There's a lot more you can do with numpy, scipy, and matplotlib. The documentation's generally great, so look around for what you're after - it's probably already been implemented.

Scipy Exercises

( fairly tough, some very tough )

  • Run a linear regression of data.Time against data.Coffees and find out how many coffees, on average, are had over a period of one day
    • Your time array contains elements of type pandas.tslib.Timestamp. They're not that easy to use, so we're doing to use data.Time, which is a time in seconds ( of type int )
    • From scipy.stats, call linregress(). Grab the slope. Because data.Time is in seconds, you'll get coffees per second.
  • Use your weekdays array to compute the average numbers of coffees had on each day of the week, and plot it
    • weekdays is a list, which has the method .count()
  • We saw earlier that the sampling of the time-series was very erratic. Let's sample at one point per day, using a linear interpolation. Call it resampled
    • scipy.interpolate.interp1d()
  • Take the Fourier transform of the derivative of your daily-sampled coffees time-series. Any natural frequencies emerging ?
    • This is a crude analysis, full of problems, but we should see some signal anyway
    • scipy.fftpack contains the functions you need; rfft and rfftfreq will be useful here

In [47]:
# Linear regression :

import scipy.stats as st

gradient, intercept, r2, pval, _ = st.linregress(data.Time, data.Coffees)

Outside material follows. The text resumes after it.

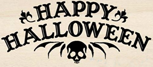 -. Title : {Single Count} Unique & Custom (3.55" x 1.75" Inches) "Festive Winged Skull Happy Halloween Text" Rectangle Shaped Genuine Wood Mounted Rubber Inking Stamp

plt.plot(data.Time, data.Coffees, lw=2)
plt.plot(data.Time, data.Time * gradient + intercept, lw=2)
plt.title("Average coffees per day : %.01f" % (gradient * 24 * 60 * 60))
plt.legend(["Data", "Linear fit, R2 = %.02f, p = %e" % (r2, pval)], loc="upper left")


Out[47]:
<matplotlib.legend.Legend at 0x10ca15fd0>

In [48]:
# Interpolation :

import scipy.interpolate as interp

# Create an interpolator
interpolator = interp.interp1d(data.Time, data.Coffees)

# The time array I want to sample at
newTime = np.arange(data.Time.irow(0), data.Time.irow(-1), 24 * 60 * 60)

# Sample at these points
resampled = interpolator(newTime)

plt.plot(data.Time, data.Coffees)
plt.plot(newTime[::20], resampled[::20], "o")


/Users/qcaudron/anaconda/envs/py3/lib/python3.4/site-packages/IPython/kernel/__main__.py:9: FutureWarning: irow(i) is deprecated. Please use .iloc[i] or .iat[i]
Out[48]:
[<matplotlib.lines.Line2D at 0x10ca2e978>]

In [49]:
# Number of coffees on each day of the week

coffees_on_each_day = [weekdays.count(i) for i in range(1, 8)]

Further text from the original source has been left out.